[Records contained in a dataset]
__________

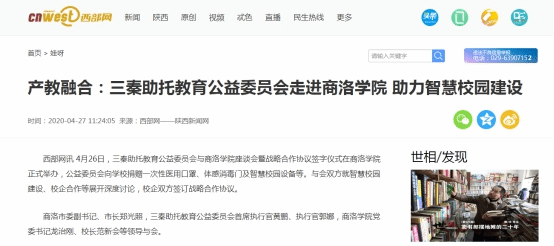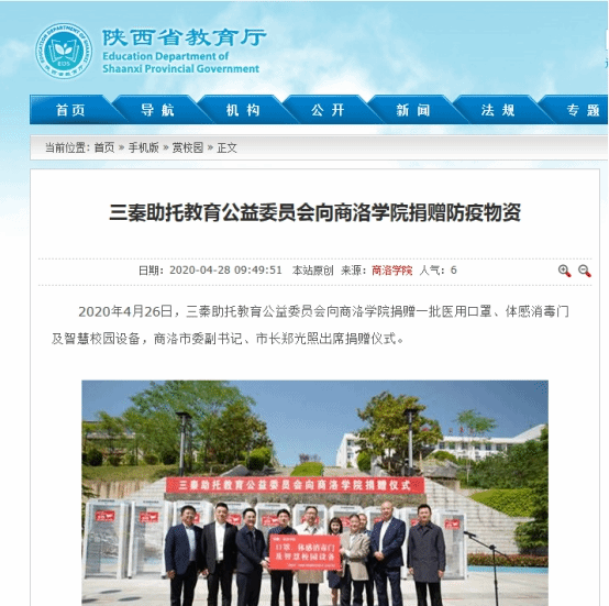 近日,陜西廣播電視臺(tái)、陜西省教育廳網(wǎng)站、西部網(wǎng)、華商網(wǎng)、新浪網(wǎng)、搜狐網(wǎng)、《商洛日?qǐng)?bào)》、商洛市人民政府網(wǎng)站、頭條新聞、中華網(wǎng)等省市10余家媒體及部分自媒體平臺(tái)對(duì)三秦助托教育公益委員會(huì)向我校捐贈(zèng)防疫物資和智慧校園設(shè)備的情況進(jìn)行了廣泛宣傳報(bào)道。
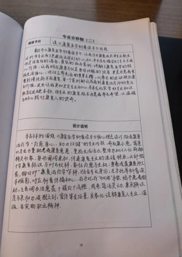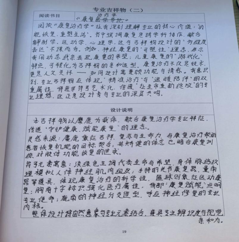 杜怡婷同学以《设计中的人文关怀》《运动疗法技术学》为蓝本,设计了学校吉祥物与康复治疗学专业吉祥物,实现专业精神与校园文化的深度融合。学校吉祥物秉持“中而至庸,和而不同”,蓝红主色调,造型圆润,胸前徽章呼应校园精神,具象化“化蛹为蝶、好梦成真”的愿景。专业吉祥物为萌态小熊,饰以绷带、听诊器,“康”字与蓝色十字凸显专业属性,融入运动疗法元素,兼具亲和力与专业感,传递人文关怀。
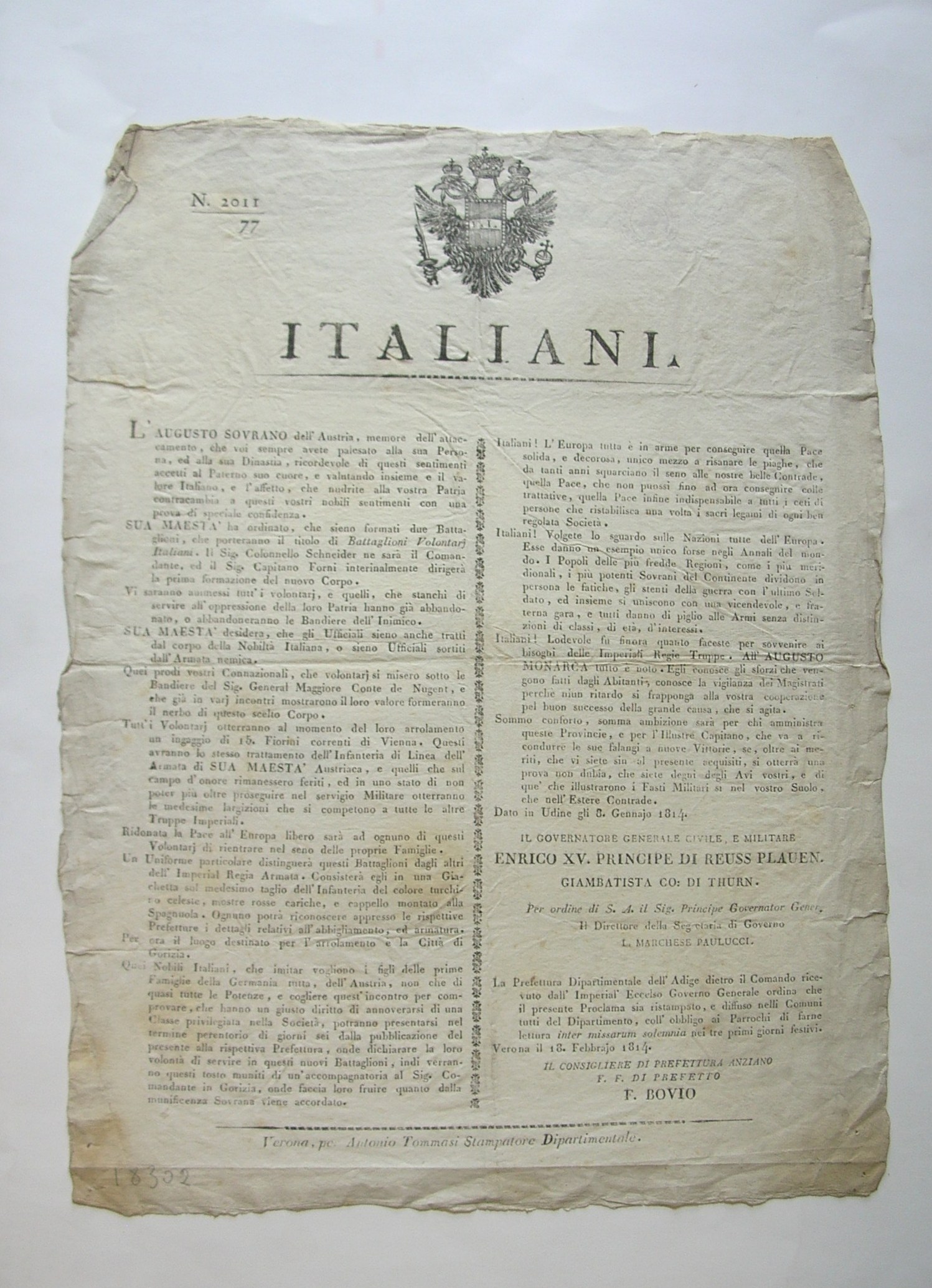 Sul retro, a matita: "1814 Febbrajo 18", "Due Battaglioni Volontari", "1814 Febb 18"; timbro a inchiostro: "Biblioteca Comunale - Verona" - DESCRIZIONE
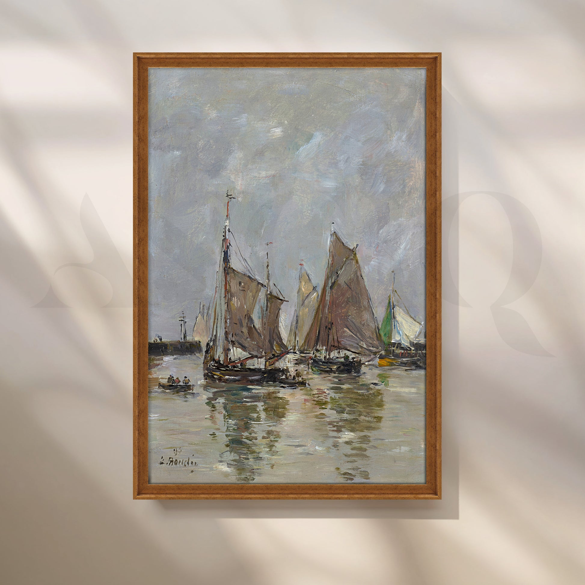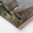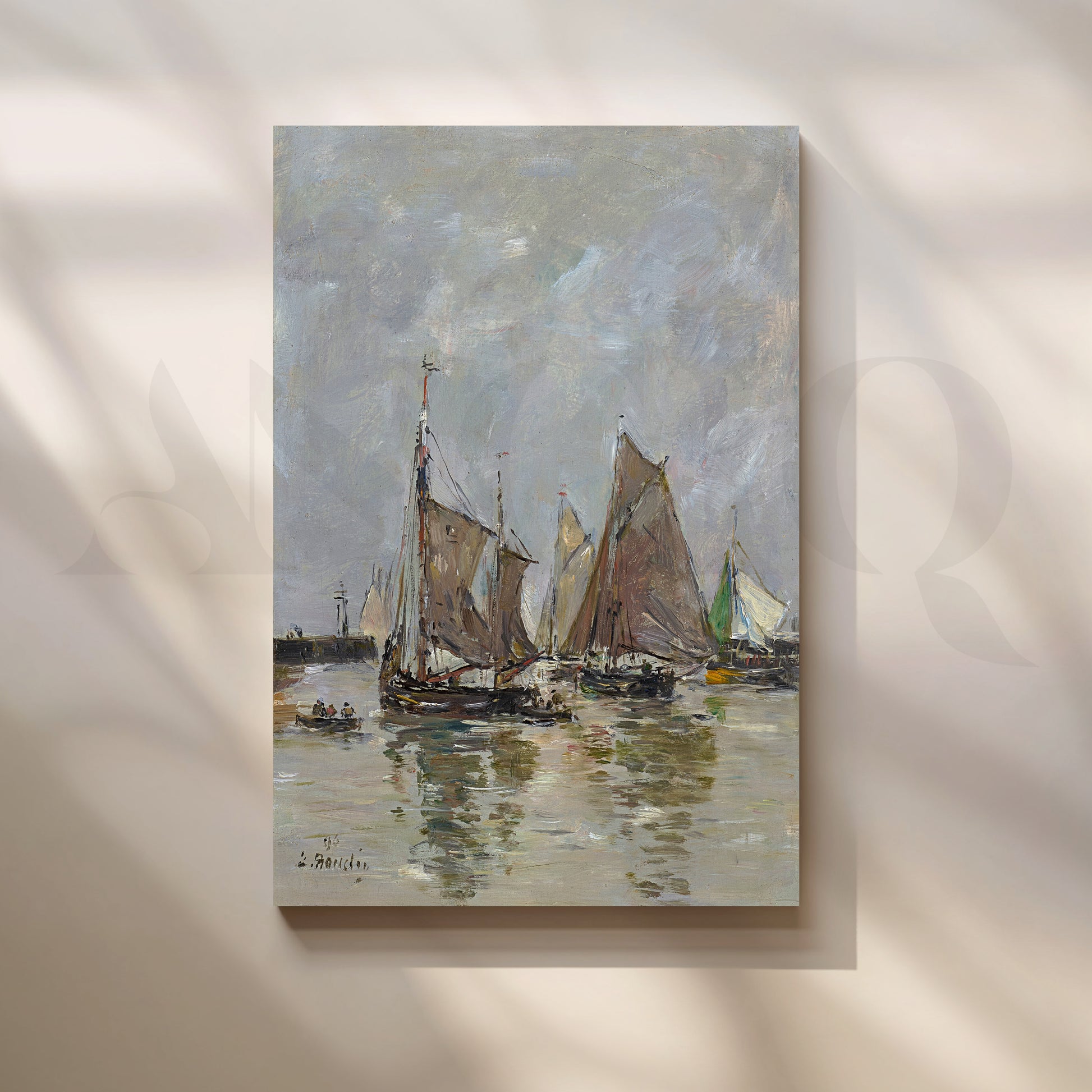 An impressionistic harbor view with clustered sailboats and their reflections on shimmering water, this vertical canvas artwork brings movement and texture to your walls. Subtle greys and muted tones suit modern interiors, making it ideal as hallway wall art, living room canvas décor, or office seascape painting for those seeking elegant nautical wall art.
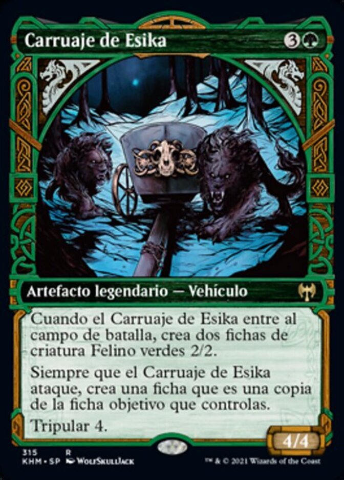 | Rules | When Esika's Chariot enters the battlefield, create two 2/2 green Cat creature tokens. Whenever Esika's Chariot attacks, create a token that's a copy of target token you control. Crew 4 |
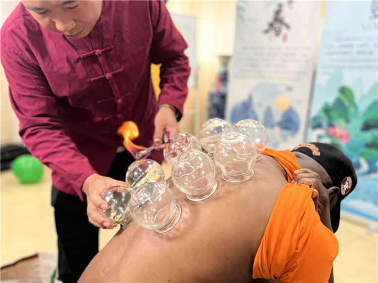 在中國(guó)傳統(tǒng)文化體驗(yàn)環(huán)節(jié),來賓們親手參與漆畫書簽制作,感受工藝之美;中醫(yī)傳統(tǒng)技術(shù)展示更引起當(dāng)?shù)孛癖姖夂衽d趣,中醫(yī)診脈、艾灸等體驗(yàn)活動(dòng)受到熱烈歡迎,醫(yī)療隊(duì)成員耐心講解,推動(dòng)中醫(yī)藥文化“走出去”。
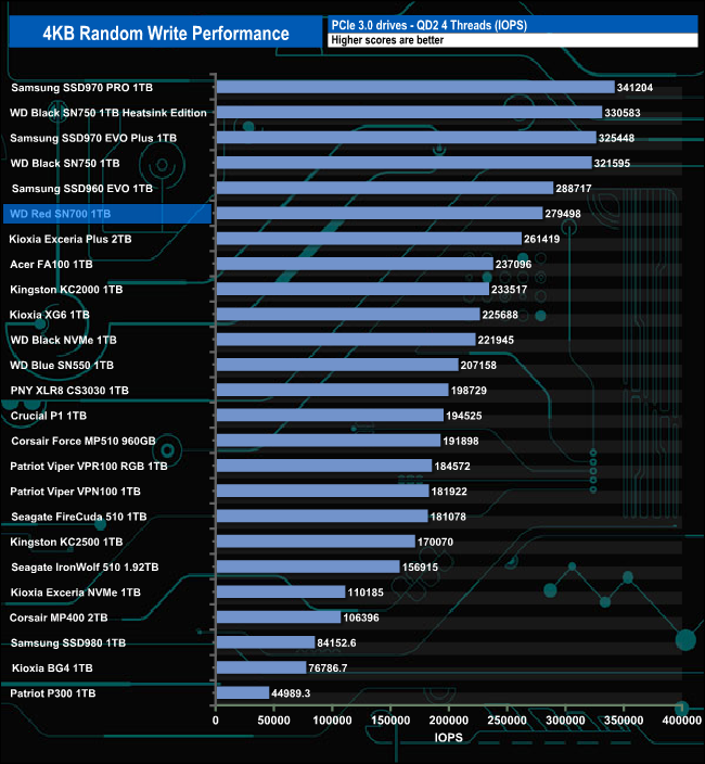 The drive holds its position in our random write results charts at the lower queue depths (1-4) before losing ground on drives around it at QD32 at the end of the test run.
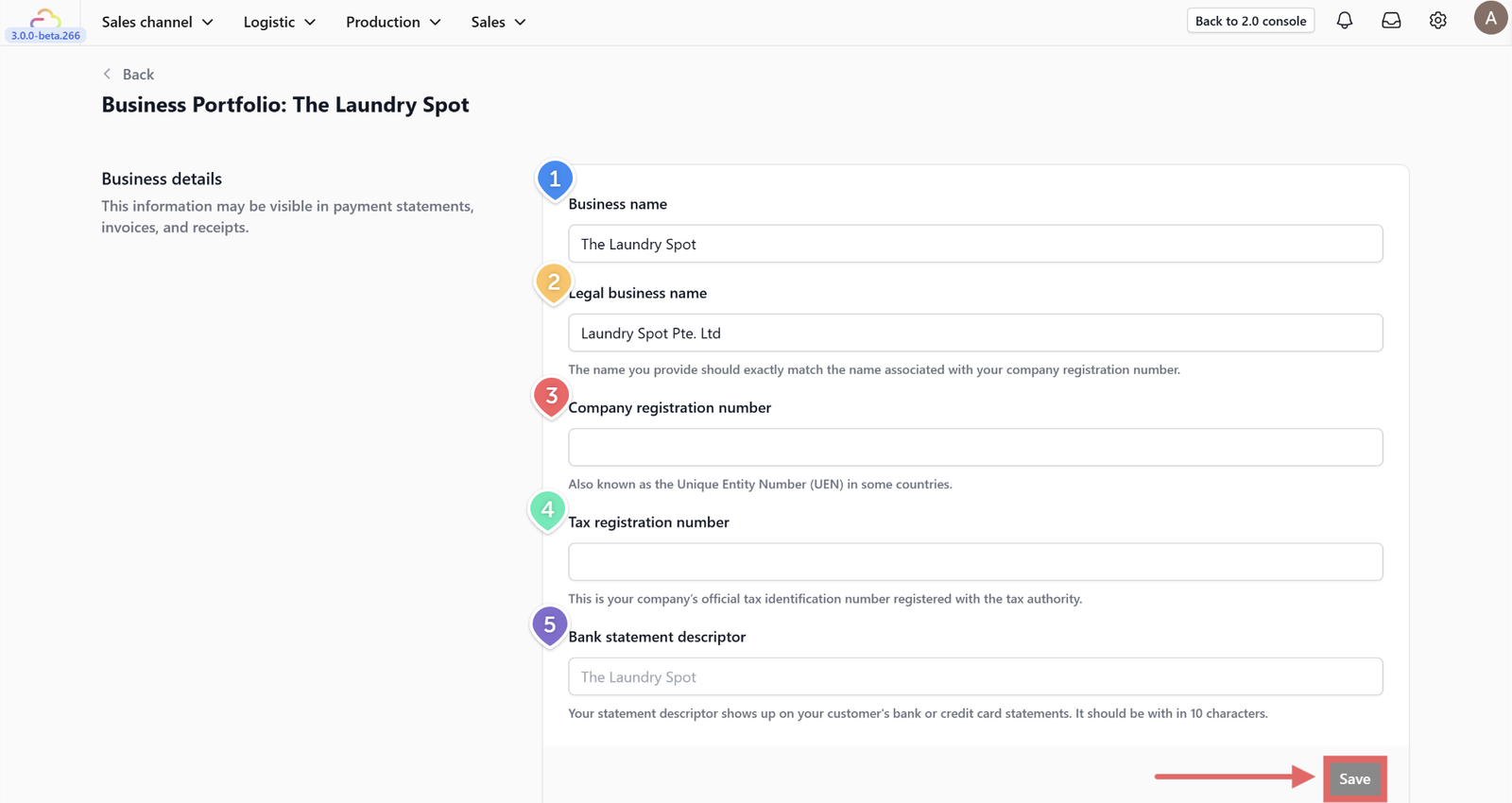 A Business Portfolio acts as the central profile for your company. Setting it up correctly is a critical first step, as this information dictates how your business appears on invoices and receipts, ensures accurate tax compliance, and controls how transactions appear on customer bank statements.

__________

From the first line of the entries above down to the line holding "Sul retro, a", quote each line exactly and nothing else, skipping pictures.

- [Answer to this problem]
 近日,陜西廣播電視臺(tái)、陜西省教育廳網(wǎng)站、西部網(wǎng)、華商網(wǎng)、新浪網(wǎng)、搜狐網(wǎng)、《商洛日?qǐng)?bào)》、商洛市人民政府網(wǎng)站、頭條新聞、中華網(wǎng)等省市10余家媒體及部分自媒體平臺(tái)對(duì)三秦助托教育公益委員會(huì)向我校捐贈(zèng)防疫物資和智慧校園設(shè)備的情況進(jìn)行了廣泛宣傳報(bào)道。
 杜怡婷同学以《设计中的人文关怀》《运动疗法技术学》为蓝本,设计了学校吉祥物与康复治疗学专业吉祥物,实现专业精神与校园文化的深度融合。学校吉祥物秉持“中而至庸,和而不同”,蓝红主色调,造型圆润,胸前徽章呼应校园精神,具象化“化蛹为蝶、好梦成真”的愿景。专业吉祥物为萌态小熊,饰以绷带、听诊器,“康”字与蓝色十字凸显专业属性,融入运动疗法元素,兼具亲和力与专业感,传递人文关怀。
 Sul retro, a matita: "1814 Febbrajo 18", "Due Battaglioni Volontari", "1814 Febb 18"; timbro a inchiostro: "Biblioteca Comunale - Verona" - DESCRIZIONE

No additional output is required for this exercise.